In the following example, the bucket hierarchy has four leaf buckets (osd 1-4), two node buckets (host 1-2) and one rack node (rack 1).

CRUSH Hierarchy

Since leaf nodes reflect storage devices declared under the devices list at the beginning of the CRUSH map, there is no need to declare them as bucket instances. The second lowest bucket type in the hierarchy usually aggregates the devices; that is, it is usually the computer containing the storage media, and uses whatever term administrators prefer to describe it, such as "node", "computer", "server," "host", "machine", and so on. In high density environments, it is increasingly common to see multiple hosts/nodes per card and per chassis. Make sure to account for card and chassis failure too, for example, the need to pull a card or chassis if a node fails can result in bringing down numerous hosts/nodes and their OSDs.
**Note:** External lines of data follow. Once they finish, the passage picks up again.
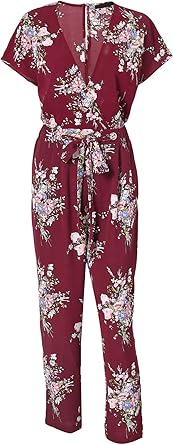 Damen V Ausschnitt Hoch Tailliert Blumendruck Jumpsuit Rose Boutique
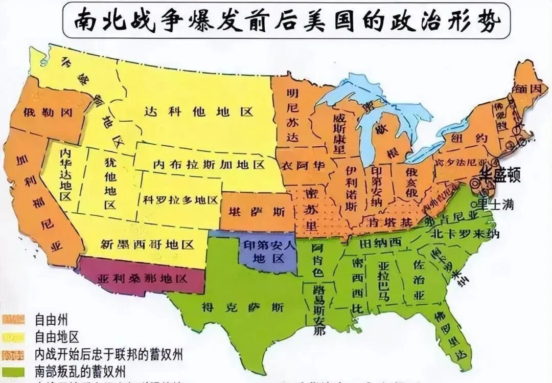 北方因为地理条件的优势,工商业发达,而南方则是以农业和种植业为主,大批黑奴在南方的农场里劳作,没有选举和被选举权。
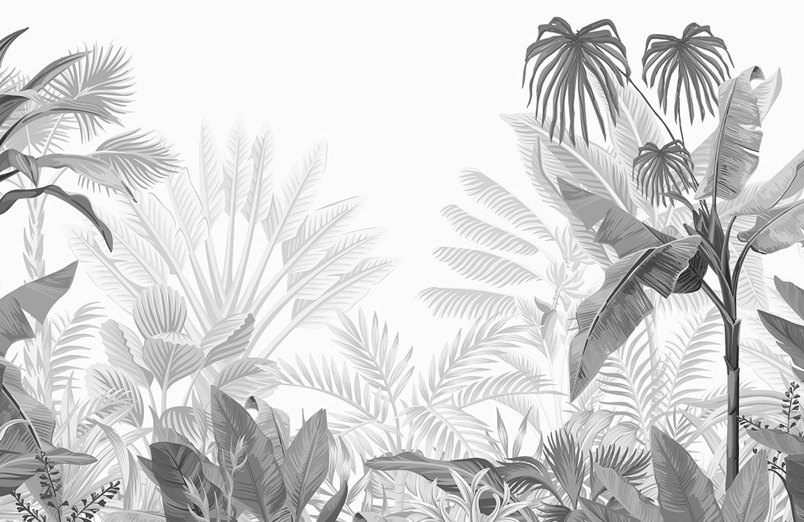 Umarmen Sie eine elegante Dschungelatmosphäre mit unserem Monochrome Tropical Botanical Wallpaper. Perfekt, um einen ruhigen, aber stilvollen Hintergrund in jedem modernen Zuhause zu schaffen. Ideal für Schlafzimmer, Wohnzimmer und Büros, in denen ein Hauch von naturinspirierter Eleganz gewünscht wird.
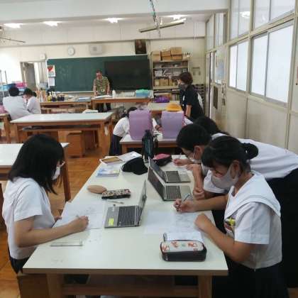 放課後の部活動として、校舎内では、交流ホールで、茶道部が活動し、音楽室で、吹奏楽部が、美術室で、美術部が活動していました。
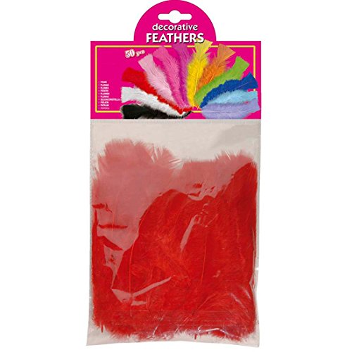 NET TOYS 50 Piume Ornamentali Rosse Lunghe Circa 10 Centimetri Artigianali Penne Decorative Samba Carnevale Rio Velcro - 10 cm
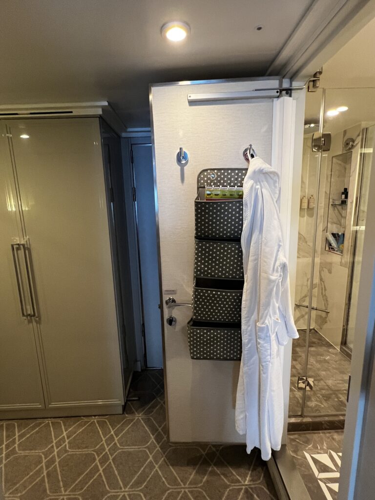 We were able to hang an organizer on the inside of the shower door using magnetic hooks. Also, we brought a folding hamper which works great. In Honolulu we ordered on Amazon a magnetic shelf to hang near the toilet. The bathroom is a nice size. My only suggestion would have been one lavatory instead of two which would have provided more countertop space and one additional drawer under the countertop. The cabinets are a nice size as i the medicine cabinet in the middle.

When declaring a bucket instance, specify its type, give it a unique name as a string, assign it an optional unique ID expressed as a negative integer, specify a weight relative to the total capacity or capability of its items, specify the bucket algorithm such as straw, and the hash that is usually 0 reflecting hash algorithm rjenkins1. A bucket can have one or more items. The items can consist of node buckets or leaves. Items can have a weight that reflects the relative weight of the item.

2.1.1. Placing Data Dynamically

Ceph Clients and Ceph OSDs both use the CRUSH map and the CRUSH algorithm.

  • Ceph Clients: By distributing CRUSH maps to Ceph clients, CRUSH empowers Ceph clients to communicate with OSDs directly. This means that Ceph clients avoid a centralized object look-up table that could act as a single point of failure, a performance bottleneck, a connection limitation at a centralized look-up server and a physical limit to the storage cluster’s scalability.
  • Ceph OSDs: By distributing CRUSH maps to Ceph OSDs, Ceph empowers OSDs to handle replication, backfilling and recovery. This means that the Ceph OSDs handle storage of object replicas (or coding chunks) on behalf of the Ceph client. It also means that Ceph OSDs know enough about the cluster to re-balance the cluster (backfilling) and recover from failures dynamically.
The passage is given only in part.